You automate your workflow by creating steps in a pipeline. The term "pipeline" refers to the idea that this is a series of sequential steps, executing one after the other.

The pipeline is simply a yaml file that is friendly for human creation & consumption.

Configure your Dev Environment

pypyr is a Python application. It requires Python >=3.6.

You probably want to install it to a virtual environment, although this is not mandatory. If you want to create a virtual environment, this is the quickest way to do so. Open your terminal and do the following:

$ cd path/to/your/dev/folder/
$ python3 -m venv .env
$ . .env/bin/activate

[TODO: other deps like ffmpeg?]

Install pypyr

From your terminal, install pypyr like this:

$ pip install pypyr

Note: if you are working in a virtual environment, it needs to be active when you run pip install. If you followed the previous step it will be active already.

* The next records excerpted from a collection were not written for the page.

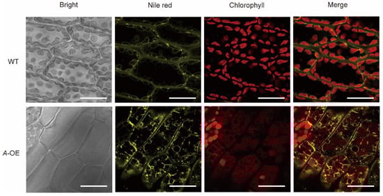 Accumulation of lipid droplets in WT and A-OE under normal growth conditions. Scale bar = 20 μm.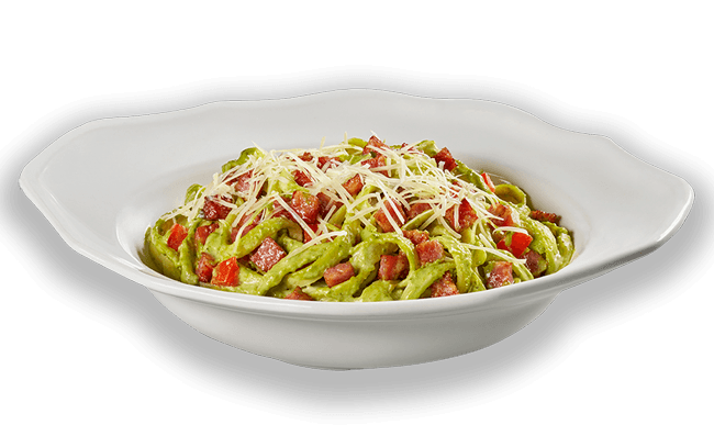 Pasta salteada en una combinación de salsa Alfredo y Pesto, acompañada de jitomate y Pancetta (tocino) horneada (28 g).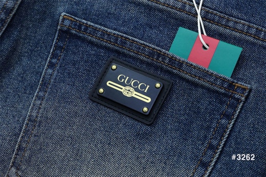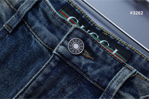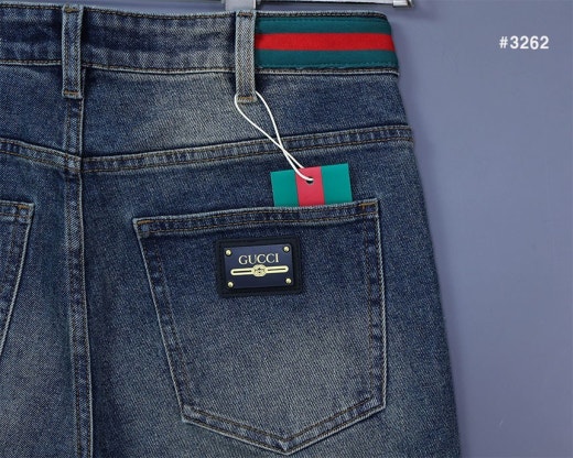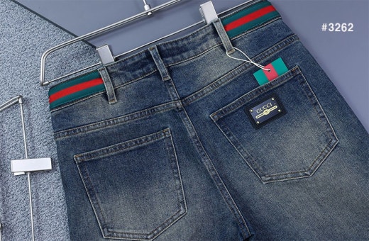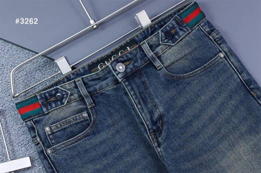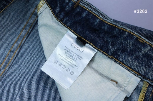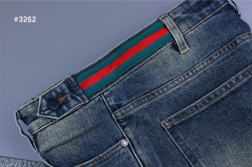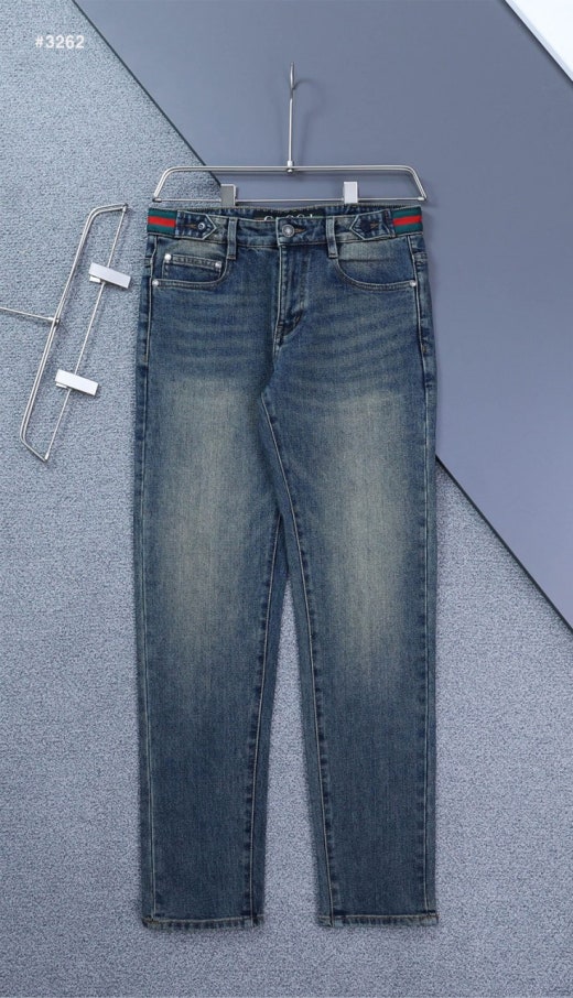 구찌 스틸로고 삼선밴딩 워싱 데님 팬츠 중청 남성용(1컬러)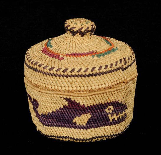 Nuu-chah-nulth Lidded Octagonal Shaped Basket with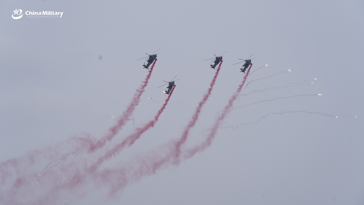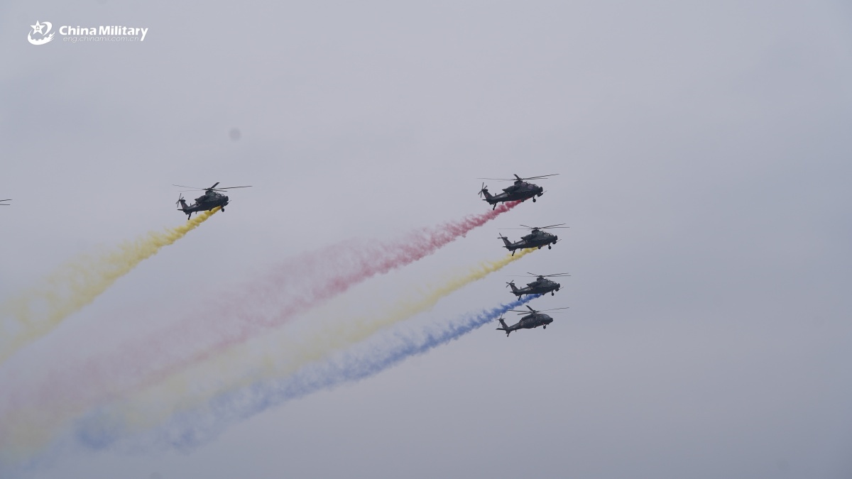 Z-10 attack helicopters attached to the Chinese PLA Army's Thunder Aerobatic Team perform aerobatic stunts in formation during the 7th China Helicopter Exposition on October 16, 2025. (eng.chinamil.com.cn)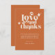 Estas tarjetas de agradecimiento de boda naranja y crema moderno retro son una excelente manera de agregar un toque de personalización a tu gran día. La paleta de colores de naranja y crema le da un aspecto extra moderno, pero con un look retro vintage. Di gracias con Amor y Gracias.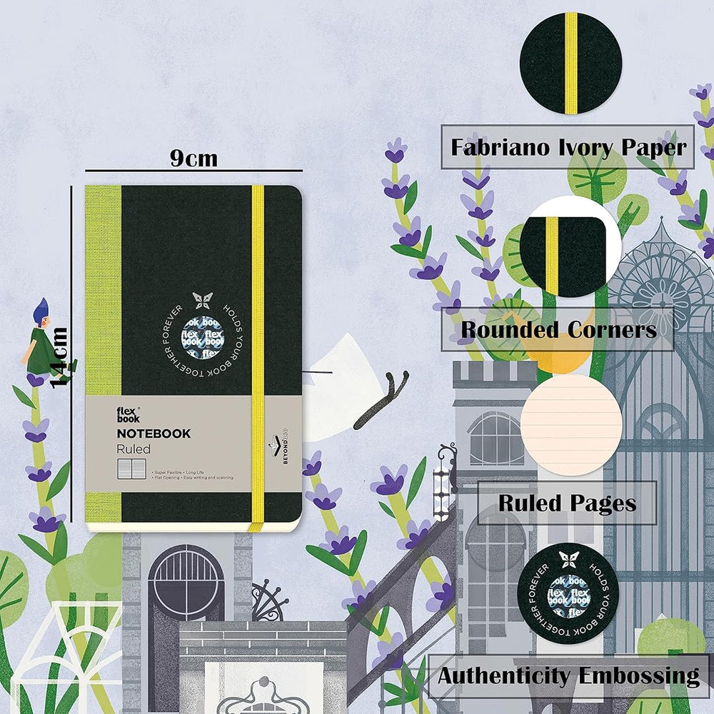 Flexbooks are lie-flat notebooks whose covers are not only flexible but durable, so they'll withstand being opened flat and folded back as many times as you care to do so. The innovative binding means that the pages are seamless, giving greater versatility when it comes to writing and sketching.

You can verify that pypyr installed correctly by running one of pypyr's built-in pipelines. It's about pipes, on account of being a pipeline runner:

$ pypyr magritte
Ceci n'est pas une pipe

Specifying your input configuration in a yaml file

We want to automate processing for more than one video and there are different parameters we want to set for each video. Instead of error-prone typing of long input sequences at the terminal, an easy way of specifying this is in a yaml input configuration file.

This will also allow us to create different inputs for different batches of videos with different settings for each.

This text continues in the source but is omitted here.